Writing a MILP Solver From Scratch Part 1 - Reading MPS
Soon after I started working on mixed integer linear programs (MILPs), it became obvious that the representation of the problem is very important for the mathematical solver to be able to find a solution fast without using too many resources. There are several ways to represent a problem, and it is not always clear which one is the best. It takes a great amount of experience and knowledge about the underlying processes to get it right.
I thought a good (and fun) way to understand how to write better models would be to write a MILP solver from scratch to teach myself the fundamentals of it. It’s not necessarily a hard thing to do, as the process of solving a mixed integer linear program is very well known. There are many mathematical solvers; the best ones are the commercial ones. The open source alternatives are strong enough to solve small to medium size problems but often take a very long time for large problems.
In this blog series, I will attempt to write yet another MILP solver. Obviously, the goal of this solver is not to be the best or the fastest. The goal is to be able to create one from scratch and understand the basics of linear programs.
Here is the agenda for this blog series:
- Part 1: Reading the mathematical model
- Part 2: Solving the relaxed problem: Simplex Algorithm
- Part 3: Finding an integer solution to the problem
The programming language of choice: Go
I’m writing a MILP solver to learn about MILPs but also to experiment with a new (to me) programming language: Go
I hope to leverage Go’s “goroutines” in the 3rd part of this journey, while finding an integer solution to the problem.
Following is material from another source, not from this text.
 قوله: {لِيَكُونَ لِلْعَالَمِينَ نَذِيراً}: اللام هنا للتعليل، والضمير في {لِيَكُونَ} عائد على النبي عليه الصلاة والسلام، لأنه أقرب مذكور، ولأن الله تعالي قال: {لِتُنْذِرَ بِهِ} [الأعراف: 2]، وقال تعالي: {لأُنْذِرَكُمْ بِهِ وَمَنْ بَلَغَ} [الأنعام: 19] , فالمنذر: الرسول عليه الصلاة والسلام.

Finding an integer solution requires constructing a “branch and bound” tree where each node of the tree has some of the variables fixed to an integer value and the LP solution is applied to the rest of the variables. This process could benefit a lot from searching the tree concurrently. I think Go’s concurrency tools will be useful while solving this problem.
Defining LP/MILP models
Linear programming is an old problem. The problem of solving a system of linear inequalities dates back to 1827, when Fourier published a method to eliminate variables (a.k.a, Fourier-Motzking elimination), much earlier than Dantzig’s Simplex method in 1947.
The conseuqence of this is having file formats that are designed for old systems. MPS file format is the most widely used format for LP/MILPs and it looks like this:
NAME TESTPROB
ROWS
N COST
L LIM1
G LIM2
E MYEQN
COLUMNS
XONE COST 1 LIM1 1
XONE LIM2 1
YTWO COST 4 LIM1 1
YTWO MYEQN -1
ZTHREE COST 9 LIM2 1
ZTHREE MYEQN 1
RHS
RHS1 LIM1 5 LIM2 10
RHS1 MYEQN 7
BOUNDS
UP BND1 XONE 4
LO BND1 YTWO -1
UP BND1 YTWO 1
ENDATA
This problem can also be written in a much more human-readable format like the following:
min: +XONE +4 YTWO +9 ZTHREE;
LIM1: +XONE +YTWO <= 5;
LIM2: +XONE +ZTHREE >= 10;
MYEQN: -YTWO +ZTHREE = 7;
XONE <= 4;
YTWO >= -1;
YTWO <= 1;
(LP file format, from LP Solve’s MPS file format documentation )
Despite the obvious benefits of the latter, the industry is still using MPS format widely. For my solver, I will only implement a reader for the MPS file format, as my main goal is to create a solver that can solve some of the benchmark instances from MIPLIB benchmark library, which are always in MPS format.
Reading MPS format
MPS is a relatively easy format to parse. The file has 6 sections (ROWS, COLUMNS, and RHS are required; RANGES, BOUNDS and SOS are optional), where each section can have a different number of columns. LP Solve’s MPS file format documentation is the best I found online to understand the file format deeply.
Rows
The “Rows” section defines the names and the types of each constraint. The names are arbitrary user defined names. Types can be E for equality, L for less than or equal to (<=), and G for greater than or equal to (>=).
Columns
The “Columns” section defines where each column (or variable) is put to which rows (constraints). This is generally the largest part of the MPS file since it needs to have an input for all the column to row assignments. Any unmentioned assignment is assumed to have a coefficient of zero in the row.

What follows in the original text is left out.